AI is producing measurable productivity gains in UK accountancy practices. That much is reasonably well established. Xero and KPMG have both published data suggesting that AI use across the profession is now majority practice rather than early adoption, with productivity improvements reported at a significant share of the firms that have deployed it.
But there is a second trend running alongside the good news, one that gets much less attention. According to a warning from Dext - the receipt and document capture platform - a large proportion of UK accountants report that clients are now using public AI tools for tax and financial advice, and that a meaningful share of those accountants are spending several hours a month correcting the errors that come out of it. Dext's figures, based on a survey of UK accountants, pointed to 77% reporting clients using ChatGPT-style tools for this purpose, with 93% of respondents spending up to 10 hours a month on correction work as a result.
I cannot independently verify those specific figures against the underlying study. They come from secondary reporting, and the methodology behind large survey numbers is often more conditional than the headline suggests. But the direction of travel is consistent with what the broader sector data supports: AI use by clients is widespread, largely unguided, and landing correction work on practices that had no hand in creating it.
That is a governance problem, not a technology one.
How AI is actually performing in practices
Before getting into the correction-work side, it is worth being clear that the practice-side picture is genuinely positive.
Industry data suggests that a majority of UK accountancy firms are now using AI in some form - Startups.co.uk, citing the Xero/KPMG research, reported 53% adoption, with 46% of those firms reporting productivity gains and, at an industry level, an uplift in the hundreds of millions of pounds attributed to AI-driven efficiency. The same research suggested a significant reduction in error rates for routine processing work.

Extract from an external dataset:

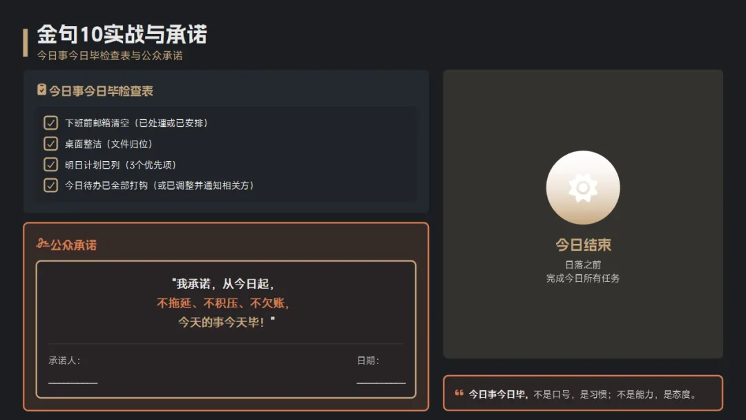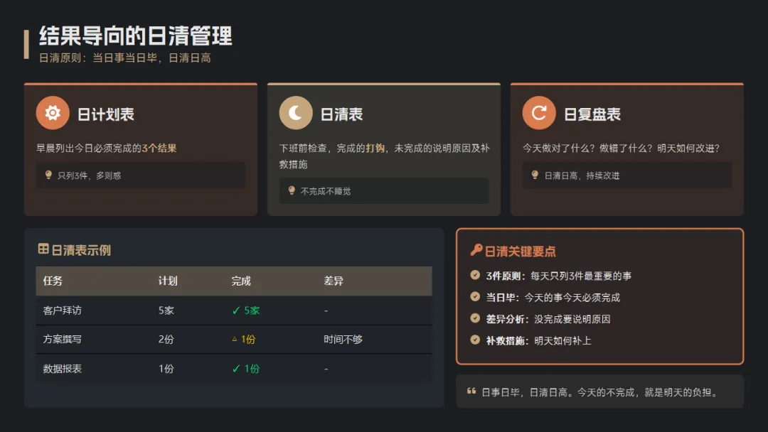:盯今日结果。复盘今天完成了什么,没完成什么,为什么。

These are plausible outcomes. Accounting involves substantial amounts of repetitive document processing, data extraction, and reconciliation. These are tasks where well-deployed AI performs consistently and where errors in a human-operated process are often caused by volume and fatigue. For firms that have set up AI well in back-office workflows, the gains are real and compounding. The post on where AI actually saves UK accountants time covers this in more detail - including the three workflows that consistently move the needle and the three where AI adds risk rather than removing it.

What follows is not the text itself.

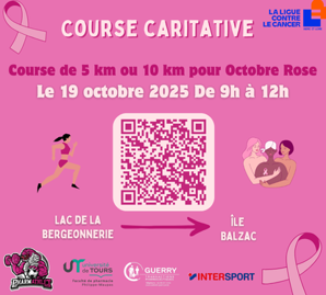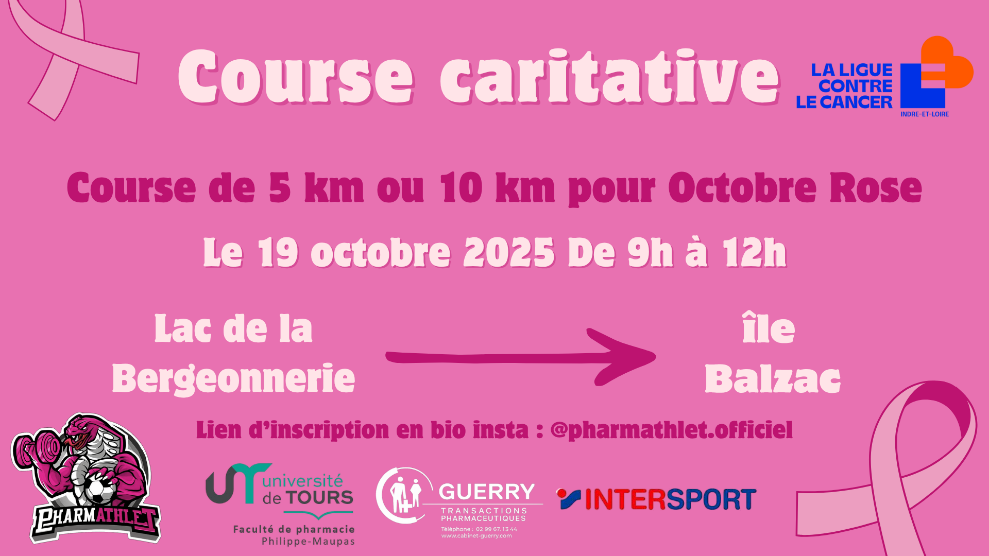 L’association étudiante Pharm’athlet de la faculté de Pharmacie de Tours, organise une course caritative qui se déroule le 19 octobre 2025 de 9h à 12h. Elle s’étendra du Lac de la Bergeonnerie à l’Ile Balzac dans le cadre d’Octobre Rose (lutte contre le cancer du sein). Vous serez environ 200 participants à courir pour cette noble cause. Tous les bénéfices seront reversés à la Ligue contre le cancer d’Indre et Loire.

The problem is not that AI does not work in accountancy. The problem is that unguided client use creates a cost that the practice bears but did not cause.
The hidden bill
When a client uses ChatGPT to prepare their own tax position, classify a transaction, or work out whether something is deductible, they are often working from a tool that has no visibility of their specific situation, no access to their records, and no professional obligation to be accurate.
The ICAEW, in its guidance on AI and the PCRT (Professional Conduct in Relation to Taxation), is clear that professional judgement, human oversight, and transparency to HMRC are not optional extras - they are required elements of tax advice. A public AI tool is not bound by any of those standards. It cannot be.

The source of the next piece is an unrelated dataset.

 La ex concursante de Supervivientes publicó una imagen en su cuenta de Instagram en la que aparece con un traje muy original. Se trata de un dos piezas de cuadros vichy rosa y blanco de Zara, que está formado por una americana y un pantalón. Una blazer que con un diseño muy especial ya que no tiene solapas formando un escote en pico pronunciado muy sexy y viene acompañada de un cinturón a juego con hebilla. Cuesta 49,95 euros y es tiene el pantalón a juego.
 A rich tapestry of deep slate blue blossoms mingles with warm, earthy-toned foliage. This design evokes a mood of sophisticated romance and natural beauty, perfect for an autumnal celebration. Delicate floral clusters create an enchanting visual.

The result, for practices on the receiving end, is a predictable pattern. A client arrives with figures that look plausible but are wrong. Or a transaction has been coded on a classification that does not hold up on inspection. Or a self-assessment return has been drafted using AI that confidently applied a rule that does not apply to this client's circumstances.
Each of those cases requires a professional to review, correct, and often have a conversation that is longer than the one they would have had if the client had come to them first. The correction work is unbillable more often than it should be, because the political difficulty of charging for fixing something the client already "did themselves" is real.
At the scale suggested by Dext's survey figures, that represents a material unrecognised cost - hours that absorb capacity without generating revenue, in a profession where margin is already under structural pressure.
Why it is a governance problem
The instinct in many practices is to treat this as a client education issue. Tell clients not to use AI for tax advice, or at least not without checking it with the practice first.
That is reasonable, but it is not sufficient on its own. The behaviour is not going to stop. AI tools are free, accessible, and getting better. A client who used ChatGPT to draft a reply to a supplier email last week is going to use it for tax questions too, because the tool does not distinguish. The question is not whether to prevent it - it is how to reduce the cost it creates for the practice.
The practices that handle this most effectively tend to do two things together.
First, they set a clear position with clients on where AI is and is not appropriate without professional review. Not a ban - a boundary. "Use it to help you gather information or draft questions to bring to us, but not to make tax decisions." That is a one-paragraph addition to the engagement letter or client welcome pack, not a lengthy policy document.
Second, and more important for the practice's own economics, they make sure their own AI deployment is focused on the work that generates the most value per hour - not on the work that sounds most impressive.
Where AI pays off first in a practice
The correction work created by unguided client AI use is a tax on practice time. The most direct offset is freeing up equivalent hours on the practice side.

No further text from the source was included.